[Problem to solve]: Please transcribe the entries that follow exactly as they stand, skipping each picture.

--------------------

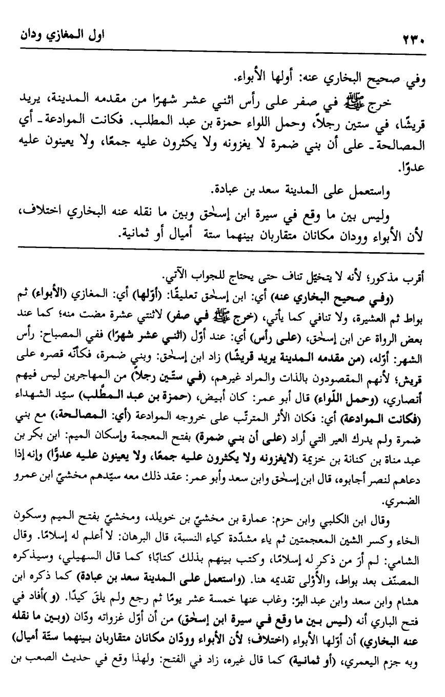 وليس بين ما وقع في سيرة ابن إسحاق وبين ما نقله عنه البخاري اختلاف، لأن الأبواء وودان مكانان متقاربان بينهما ستة أميال أو ثمانية.
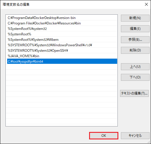 < %PDFPRINT%/bin64 >のパスを入力し、「OK」をクリックします。
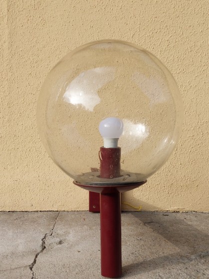 typische und grosse aussen-wandleuchte aus den 70erjahren. vermutlich limburg. klarglaskugel mit einschlüssen an vollmetall-ausleger in bordeaux. ausgezeichneter originalzustand
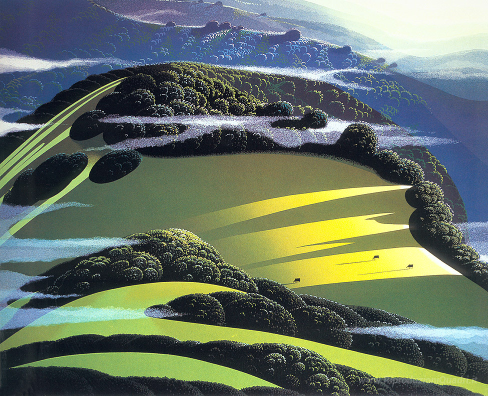 Ti offriamo una riproduzione artigianale su tela dell'opera famosa 'Beyond the Valley' di Eyvind Earle, dal Museo delle Riproduzioni.
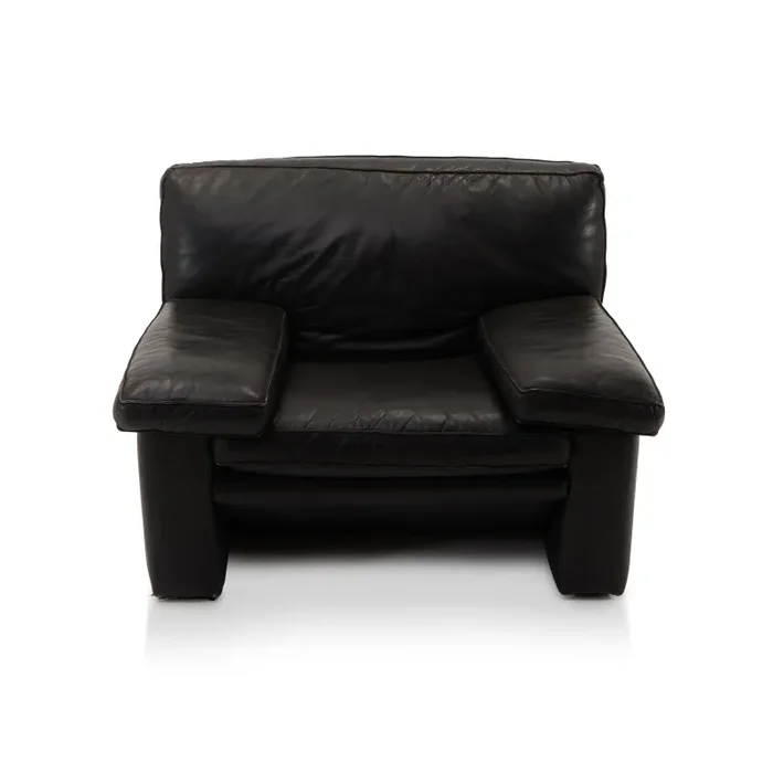 Details: Black leather armchair with wide armrests, part of a matching set
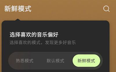 4、汽水音乐也拥有自己的模式功能,可以在左上角进行切换,包含了熟悉模式、默认模式以及新鲜模式等。
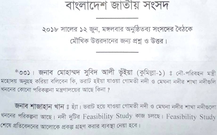 এ সময় মন্ত্রী বলেন, ভরাট হয়ে যাওয়া কুমিল্লার গোমতী ও মেঘনা নদীর শাখা নদীগুলো খননের পরিকল্পনা আছে। নদী দুটির Feasibility Study কাজ চলছে। Feasibility Study শেষে প্রতিবেদনের আলোকে প্রকল্প গ্রহণ করার ব্যবস্থা নেয়া হবে।
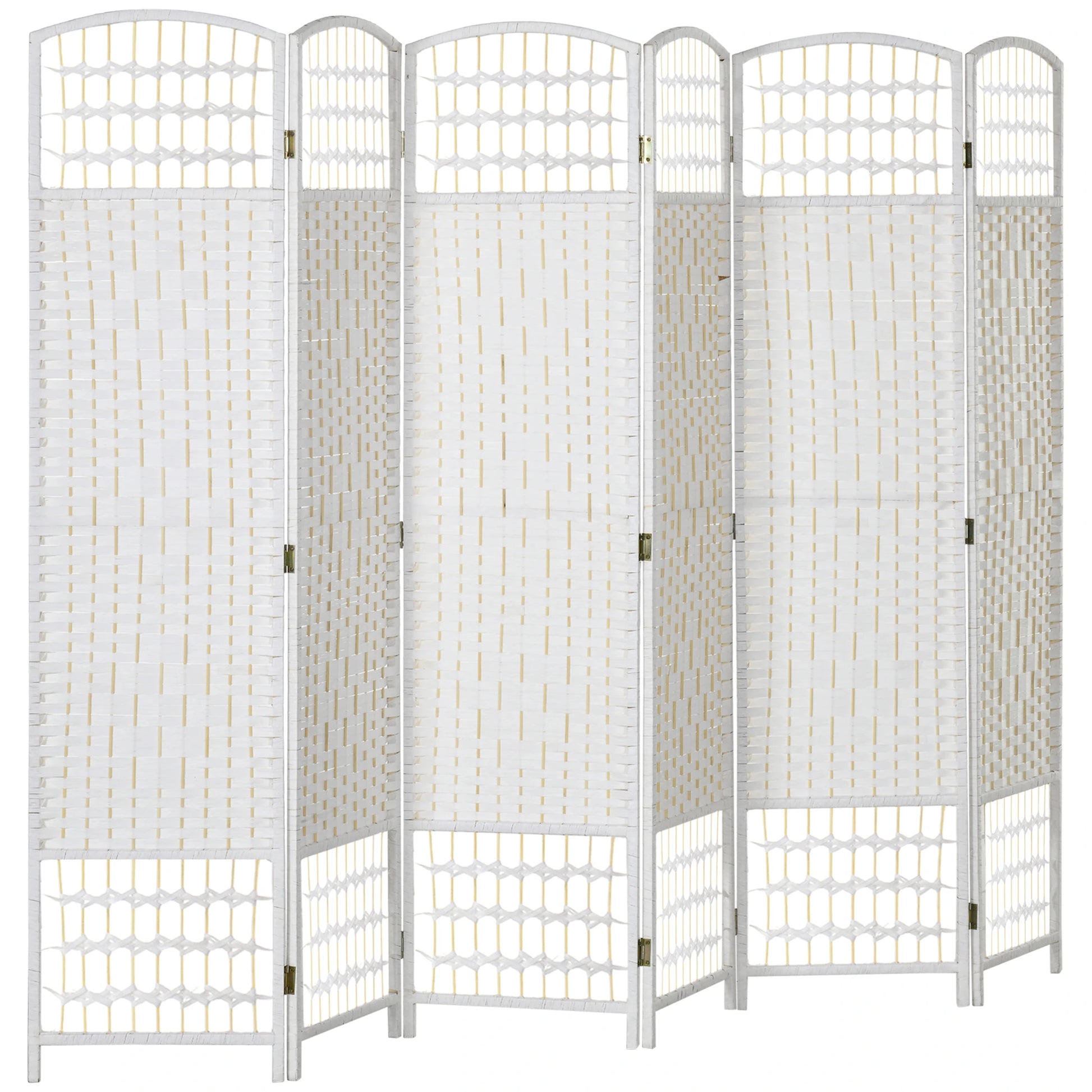 6 Panel Folding Room Divider, Portable Privacy Screen, White

--------------------

[Your solution]:
 وليس بين ما وقع في سيرة ابن إسحاق وبين ما نقله عنه البخاري اختلاف، لأن الأبواء وودان مكانان متقاربان بينهما ستة أميال أو ثمانية.
 < %PDFPRINT%/bin64 >のパスを入力し、「OK」をクリックします。
 typische und grosse aussen-wandleuchte aus den 70erjahren. vermutlich limburg. klarglaskugel mit einschlüssen an vollmetall-ausleger in bordeaux. ausgezeichneter originalzustand
 Ti offriamo una riproduzione artigianale su tela dell'opera famosa 'Beyond the Valley' di Eyvind Earle, dal Museo delle Riproduzioni.
 Details: Black leather armchair with wide armrests, part of a matching set
 4、汽水音乐也拥有自己的模式功能,可以在左上角进行切换,包含了熟悉模式、默认模式以及新鲜模式等。
 এ সময় মন্ত্রী বলেন, ভরাট হয়ে যাওয়া কুমিল্লার গোমতী ও মেঘনা নদীর শাখা নদীগুলো খননের পরিকল্পনা আছে। নদী দুটির Feasibility Study কাজ চলছে। Feasibility Study শেষে প্রতিবেদনের আলোকে প্রকল্প গ্রহণ করার ব্যবস্থা নেয়া হবে।
 6 Panel Folding Room Divider, Portable Privacy Screen, White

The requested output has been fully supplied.